Each row describes one image via an image-path column, a label column, and any
number of metadata columns that are surfaced to DataEval as datum metadata.
"""
def __init__(
self,
dataframe: pd.DataFrame,
index2label: dict[int, str],
image_col: str = "filepath",
label_col: str = "label",
metadata_cols: list[str] | None = None,
dataset_id: str = "dataframe-catalog",
) -> None:
# reset_index keeps positional indexing aligned with __getitem__
self._df = dataframe.reset_index(drop=True)
self.index2label = index2label
self._image_col = image_col
self._label_col = label_col
self._metadata_cols = metadata_cols or []
# DatasetMetadata advertises the class-name mapping to DataEval
self.metadata: DatasetMetadata = DatasetMetadata(id=dataset_id, index2label=index2label)
def __len__(self) -> int:
return len(self._df)
def _one_hot(self, label: int) -> np.ndarray:
target = np.zeros(len(self.index2label), dtype=np.float32)
target[label] = 1.0
return target
def __getitem__(self, index: int) -> tuple[np.ndarray, np.ndarray, DatumMetadata]:
row = self._df.iloc[index]
# Decode the image and convert to channels-first (C, H, W)
image = np.asarray(Image.open(row[self._image_col]).convert("RGB"), dtype=np.uint8).transpose(2, 0, 1)
# One-hot encode the label as the classification target
target = self._one_hot(int(row[self._label_col]))
# Pull in the desired metadata columns; remember metadata is per-image and must include an "id" field
datum_metadata = DatumMetadata(id=index, **{col: row[col] for col in self._metadata_cols})
return image, target, datum_metadata
Instantiate the adapter over your catalog, pointing it at the metadata columns you want DataEval to see.
dataset = DataFrameICDataset(catalog, index2label, metadata_cols=["weather", "altitude_m"])
print(f"Dataset length: {len(dataset)}")
Dataset length: 90
Inspect a single item to confirm the shapes and types match what DataEval expects.
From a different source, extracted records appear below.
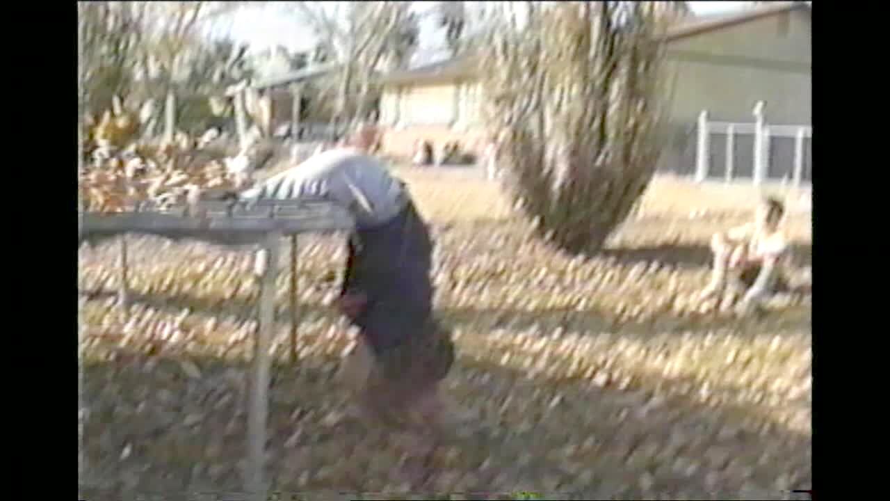 A young girl does a back flip on a trampoline and falls out of a hole in the netting at :11.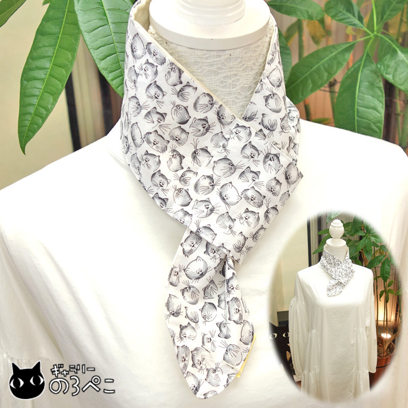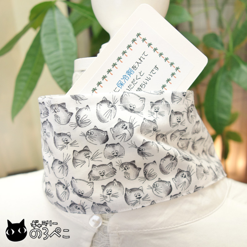 接触冷感のモノトーン猫ちゃん夏マフラー(保冷剤をセットできるポケット付きネッククーラー) aa362-372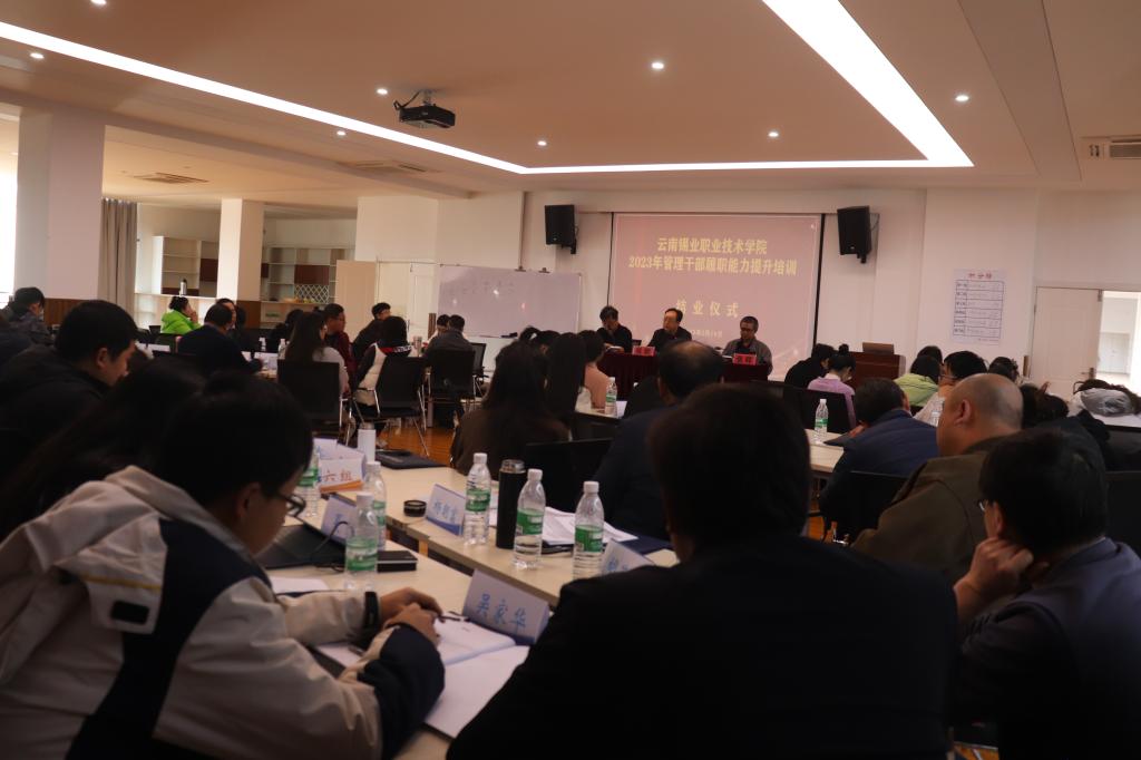 2月18日,学院2023年管理干部履职能力提升培训班顺利结业,结业仪式由职业技能培训鉴定处副处长蔡剑主持,党委书记张鹏出席结业仪式并作总结讲话。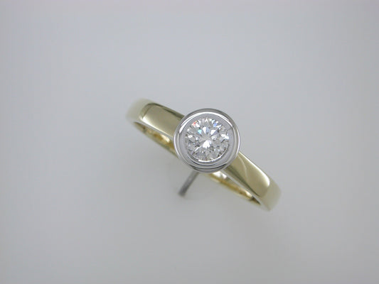 טבעת אירוסין 0.30 קראט יהלום, טבעת 14 קראט זהב לבן וצהוב.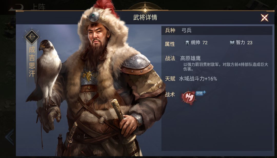 【战法】:高原雄鹰,以强力箭羽贯射帝君,对敌军前4排部队造成巨大伤害。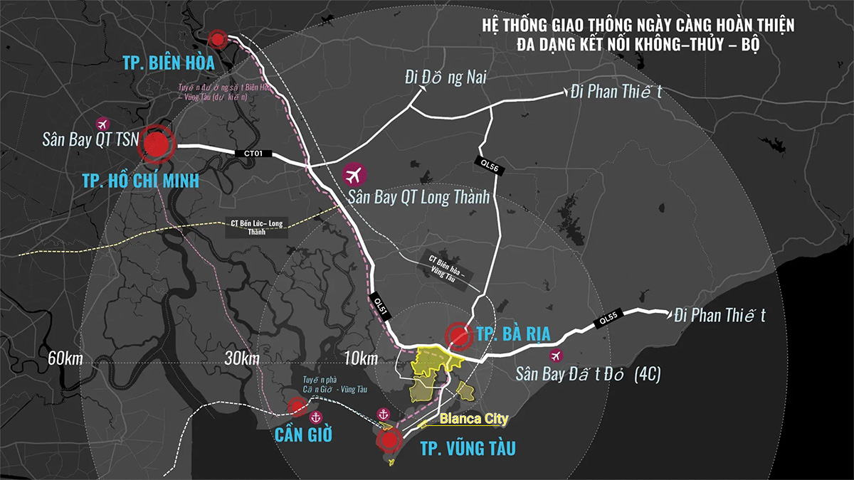 Tương lai sẽ kết nối trực tiếp qua tuyến đường sắt Biên Hòa – Vũng Tàu, đưa Blanca City trở thành đầu mối giao thông chiến lược của toàn miền Đông Nam Bộ.

Verify that images have channels first, that targets are one-hot encoded, and that datum metadata has an id and one value per category.
image, target, datum_metadata = dataset[0]
print(f"image shape: {image.shape} ({image.dtype})")
print(f"target (label): {target}")
print(f"datum metadata: {datum_metadata}")
image shape: (3, 128, 128) (uint8)
target (label): [1. 0. 0.]
datum metadata: {'id': 0, 'weather': 'clear', 'altitude_m': np.float64(50.0)}
Because the protocols are runtime-checkable, you can verify structurally that the adapter is a valid DataEval dataset.
print(f"Is an AnnotatedDataset: {isinstance(dataset, AnnotatedDataset)}")
Is an AnnotatedDataset: True
Analyze it with DataEval¶
The adapter now works anywhere a DataEval dataset is expected. Build a
Metadata object from it - DataEval reads the labels and the per-item
metadata you exposed.
metadata = Metadata(dataset)
# "id" is a per-item identifier, not a meaningful factor for bias analysis
metadata.exclude = ["id"]
print(f"Factor names: {metadata.factor_names}")
Factor names: ['altitude_m', 'weather']
That is all it takes: a small adapter turns any DataFrame-described dataset into something DataEval can analyze, with no need to restructure your files on disk.